The Research Issue and Objectives
This research will focus on the issue of technology transfer to Irish subsidiaries of medical
device and pharmaceutical companies from their international parent. Every time another
multinational sets up in Ireland it must transfer technology for start-up. As products and
manufacturing processes change more technology must be transferred to implement the
changes. Technology flow back is also possible if the Irish subsidiaries improve the
original methods.
Research Approach
The primary focus of research can either be quantitative or qualitative depending mainly
on how well defined the objectives of the study are. A quantitative study would be used
for causal and predictive studies when the dimensions of the problem are well defined. A
qualitative study would be used for exploratory studies when the dimensions are less well
defined.
There has already been much study of technology transfer between affiliates of
multinational companies. For this reason the methods of conducting technology transfer
and the various approaches taken are well known. The literature review was sufficient to
reveal useful questions to ask. Also it was preferred that questions related to the benefit
of various strategies could be answered with certainty. For these reasons, a primarily
quantitative approach was preferred.
Typical quantitative studies require larger samples than qualitative studies. Questions
are usually pre-set. In quantitative studies questions may be open-ended. In quantitative
studies the researcher is usually not involved. Therefore, a mail survey was chosen for the
research. It is well suited for gathering a lot of data using pre-set questions. The author
chose not to include his own company's experiences in the final study to maintain
uninvolvement.
Research Questions
The objective of this research is to ascertain how successfully multinational pharmaceutical
and medical device companies have managed the process of technology transfer into
Ireland. After reviewing the literature the key issues were determined. The effects of
nationality of parent, size of the subsidiaries, the duration of their establishment in Ireland
and their degree of autonomy, on the smoothness of technology transfer, as measured by
adherence to the schedule and budget is assessed. The benefits or otherwise of
techniques, such as travel by Irish based employees to the head office or other company
sites and travel by other employees to Ireland is assessed.
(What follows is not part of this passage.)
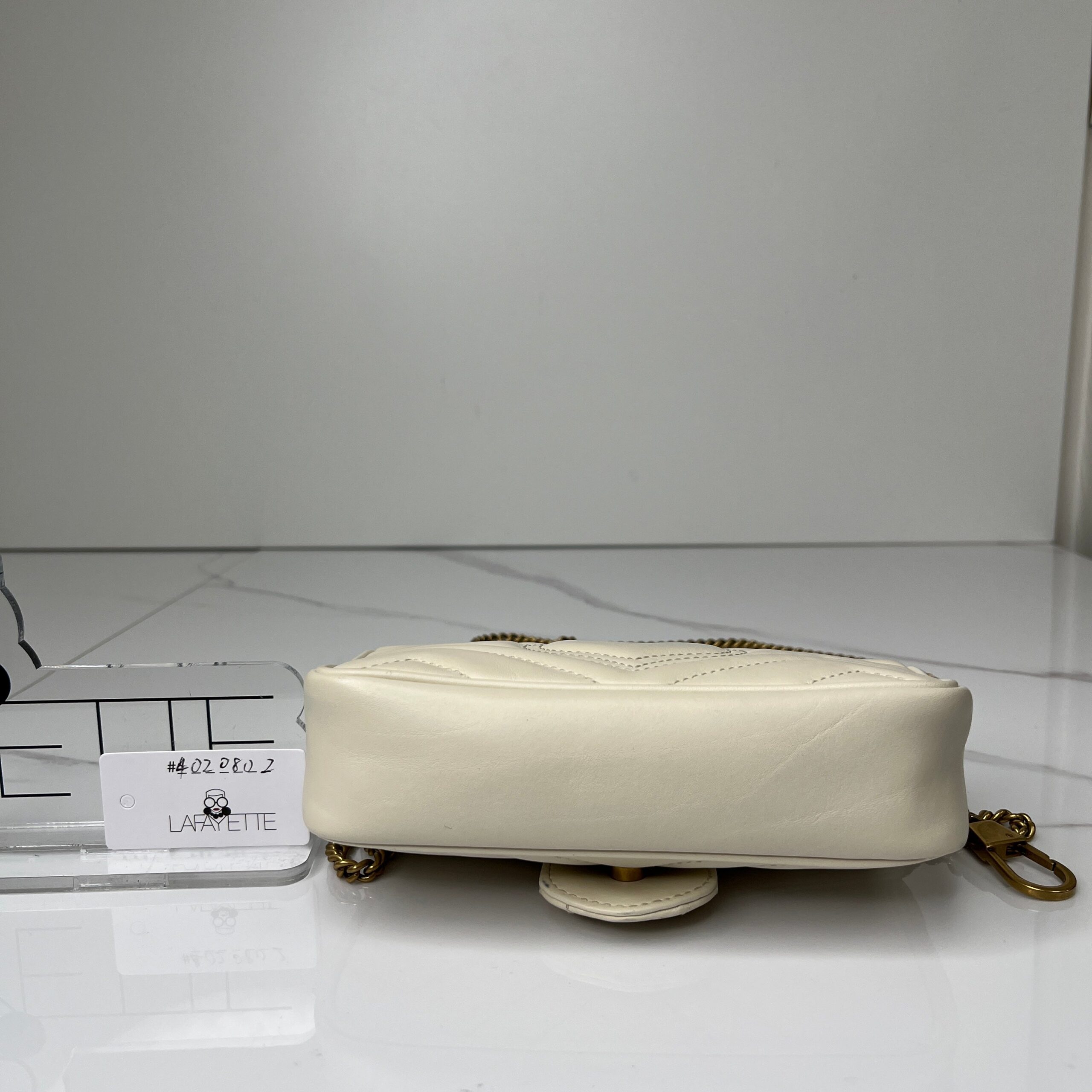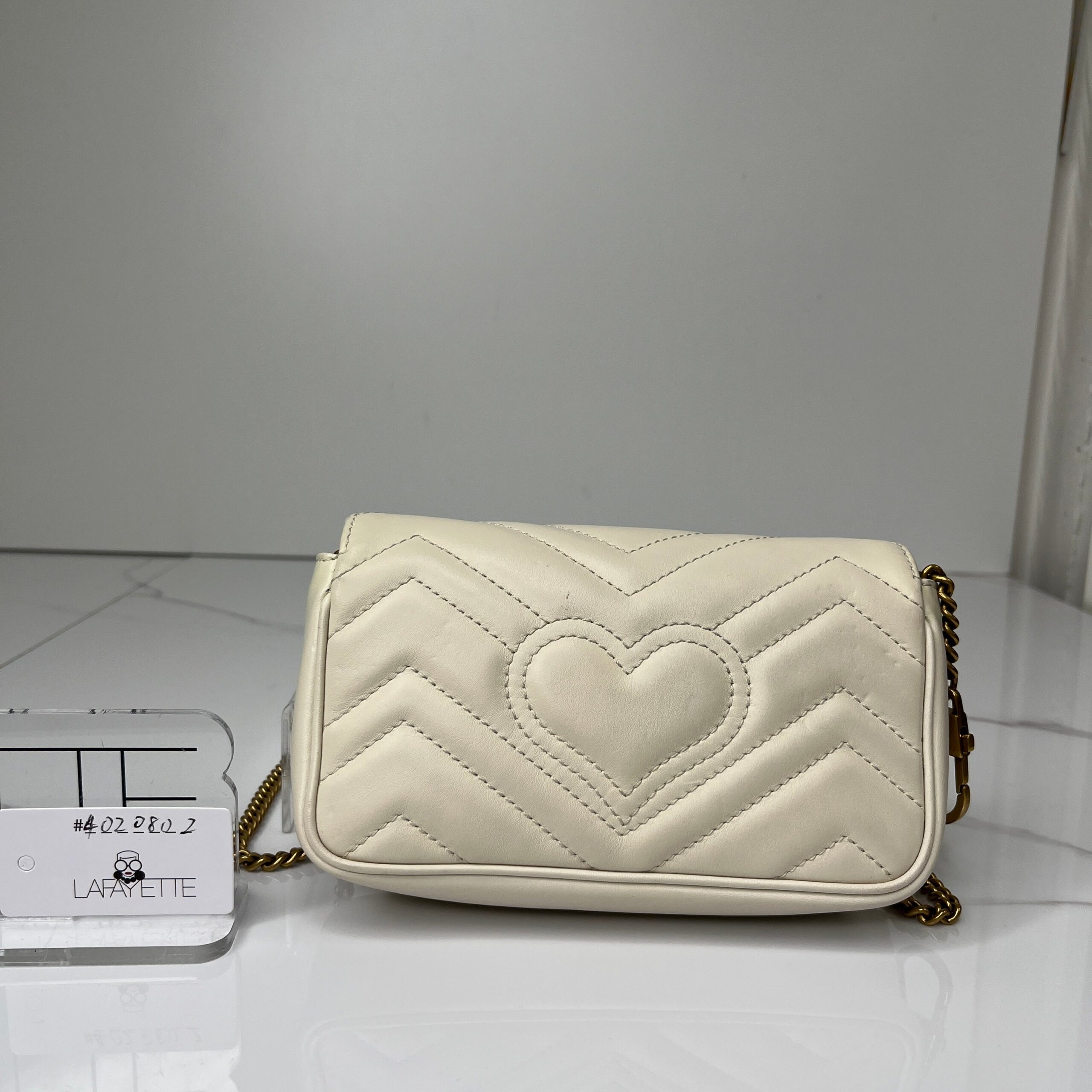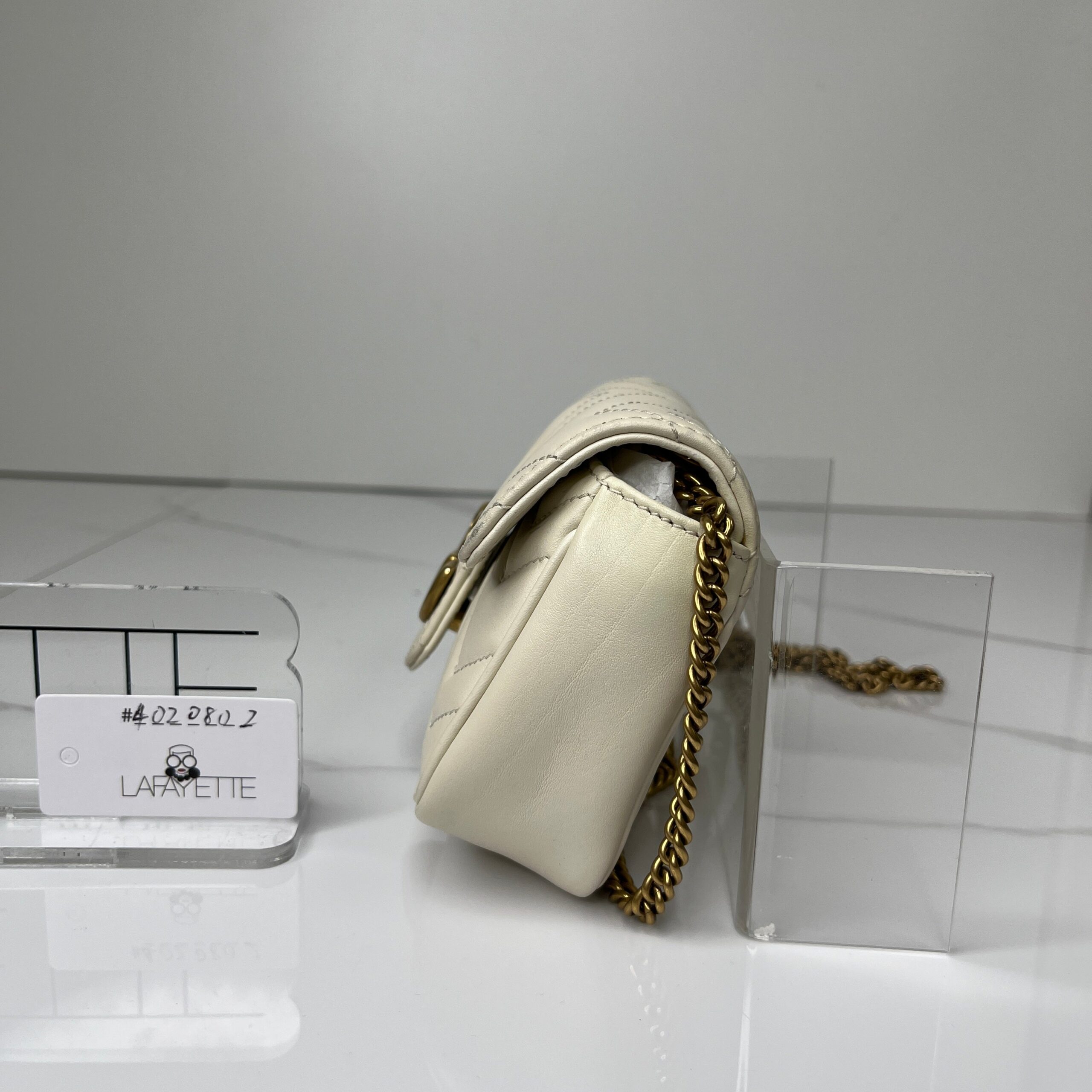 Material/Leather Type: White Matelassé LeatherGucci Marmont Super Mini

The effect of quality of training
and documentation is measured. The effect of the 'newness' of the technology and the
application of various business improvement initiatives on the success of technology
transfer is assessed. The knowledge gained by those involved in the transfer process that
could help them transfer technology more efficiently in future is also gauged. The extent
of Research and Development by the Irish subsidiaries is measured and compared with
technology transfer capabilities.
Methodology
After reviewing previous published work on the issue of technology transfer, the key
issues that may affect the technology transfer process were identified. It was decided that
the main method of collection of primary sources of data to be used was a postal survey of
managers involved in managing technology transfer to multinational pharmaceutical and
healthcare companies operating in Ireland.
A case study of a transfer process with which the author was familiar was considered
as the methodology. It would have answered a number of questions about why this
particular process was not perfect. However, the sources of knowledge would be limited
to those within the company and as such would fail to benefit from the broader
experiences of other.
A questionnaire was written to ask questions highlighted in the review of the
literature and was fine-tuned by testing on personal acquaintances of the author. The
questionnaire was kept as brief as possible and multiple-choice answers were preferred for
most questions. Two open-ended questions were included to seek new ideas. These
questions were a small part of the survey and are used for supplementary analysis. Once
revised the questionnaire was sent to managers of Irish subsidiaries of multinational
pharmaceutical and medical device manufacturers firms who transferred technology into
Ireland. The returned questionnaires were analysed.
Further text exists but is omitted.